I want to reach and say, I’m your daughter, but I don’t. It’s not my place to drag her away from Adelyn. Protective motherly instinct is not yet something I understand, but I can feel the intensity of it saturating the air. She’s not leaving this dimension. Not without her other daughter.

I sigh and cross my arms over my chest. “So what do you propose we do?”

Mom turns back to the trail Adelyn took to get away from us. “I guess we have to go after her.”

“Back to the Council house?” I’m dubious. “Back to the place we just escaped from after being imprisoned?”
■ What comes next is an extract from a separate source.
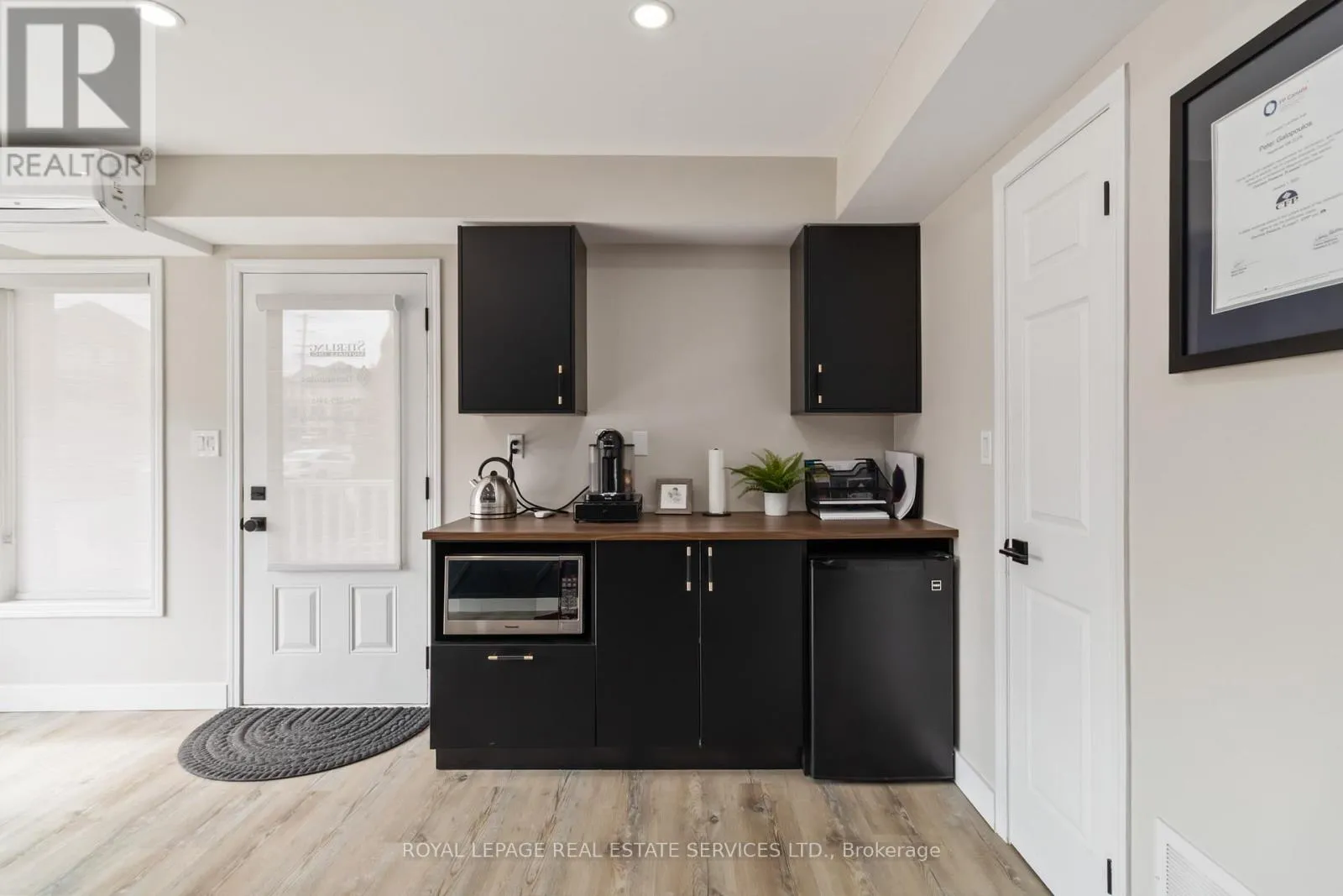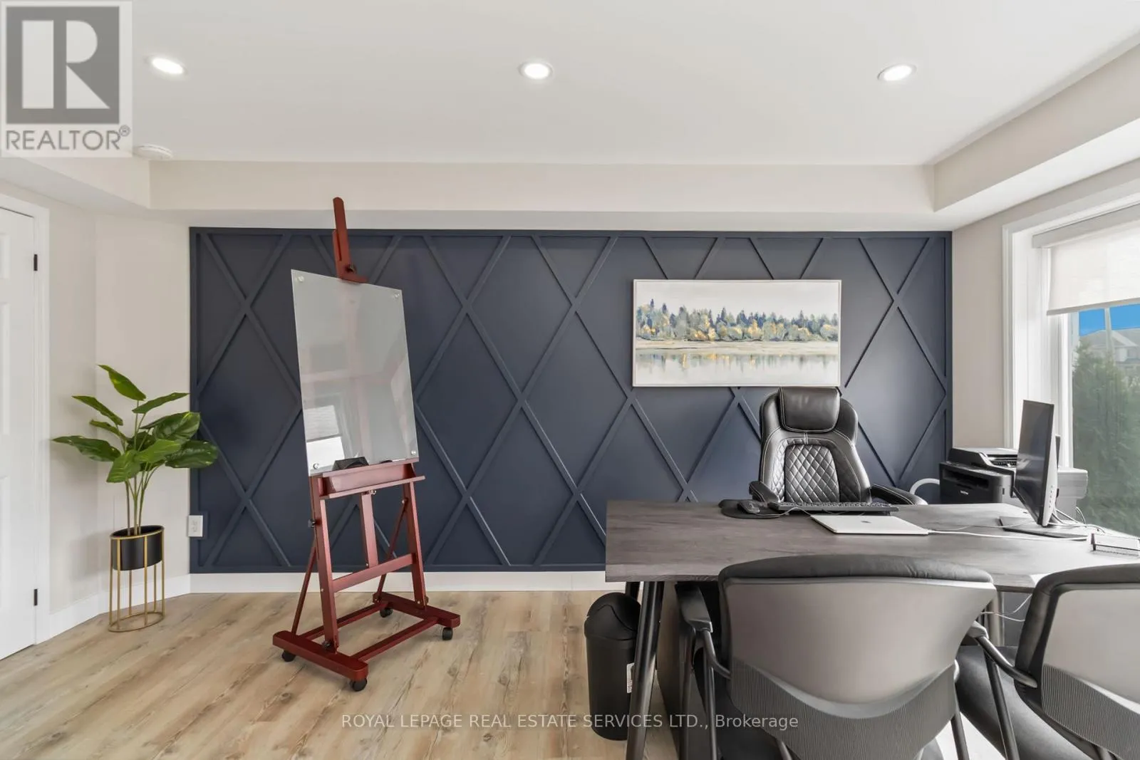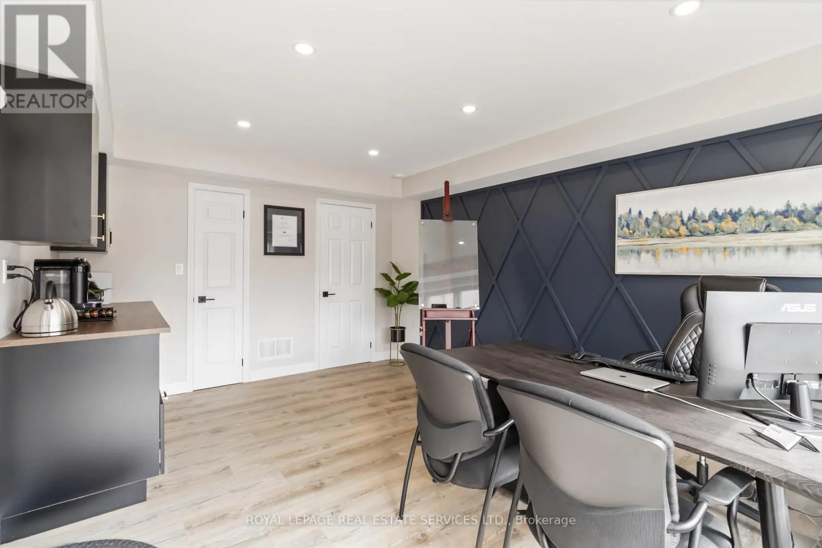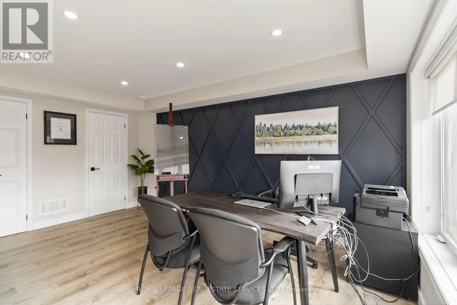Walkers Line & Dundas St Excellent office or retail space for lease in a highly visible and rapidly growing North Burlington location along the well-traveled Walkers Line corridor. This bright, modern unit features wide-plank light-tone flooring, a striking navy accent wall with geometric detailing, large front windows for abundant natural light, recessed pot lighting, and a convenient 2-piece washroom. Ideally positioned with quick access to Dundas Street and Highway 407, offering seamless connectivity to Burlington, Oakville, and surrounding communities. Surrounded by established neighbourhoods, new residential growth, retail plazas, schools, parks, and everyday amenities, the property benefits from strong exposure and consistent traffic. Well suited for professional office, wellness, boutique retail, or service-based uses - an excellent opportunity for businesses seeking visibility, accessibility, and long-term growth in a thriving commercial corridor. (id:27476)

“Do you see a better option?” Mom asks, her voice sharp as a knife. I know from growing up with her before she was locked in an alternate dimension’s prison that she has a will of steel. No one is as stubborn as my mother.

I don’t know how to talk her out of this. For a brief second, I glance back at the smooth surface of the lake behind me, black with the exception of the moon’s reflection, and I have to say a silent farewell to the victory I almost had. I’m so close to home I can taste it. I can smell the air and hear Zofia scoffing and see Porter smiling. I can feel Kenzi’s hug and sense Cade’s protective nature and—

“Em?” Mom asks. “Are we going?”

Just then, the rain starts falling. A small drop hits me first—right on my nose—before the rest begin to fall. The sky thunders angrily as the storm continues.

And my Mom wants to track through the forest in this weather to go find the daughter that chose a prison break instead of a safe life with her family.

“Sure, Mom.” I sound like the moody teenager that I currently am. “Why not?”

We start our trek through the woods.

It’s still dark as I step over tree roots and underbrush, but my eyes are surprisingly well adjusted to the dark. Mom walks in front of me, pushing aside any stray branches hanging in the way of our heads.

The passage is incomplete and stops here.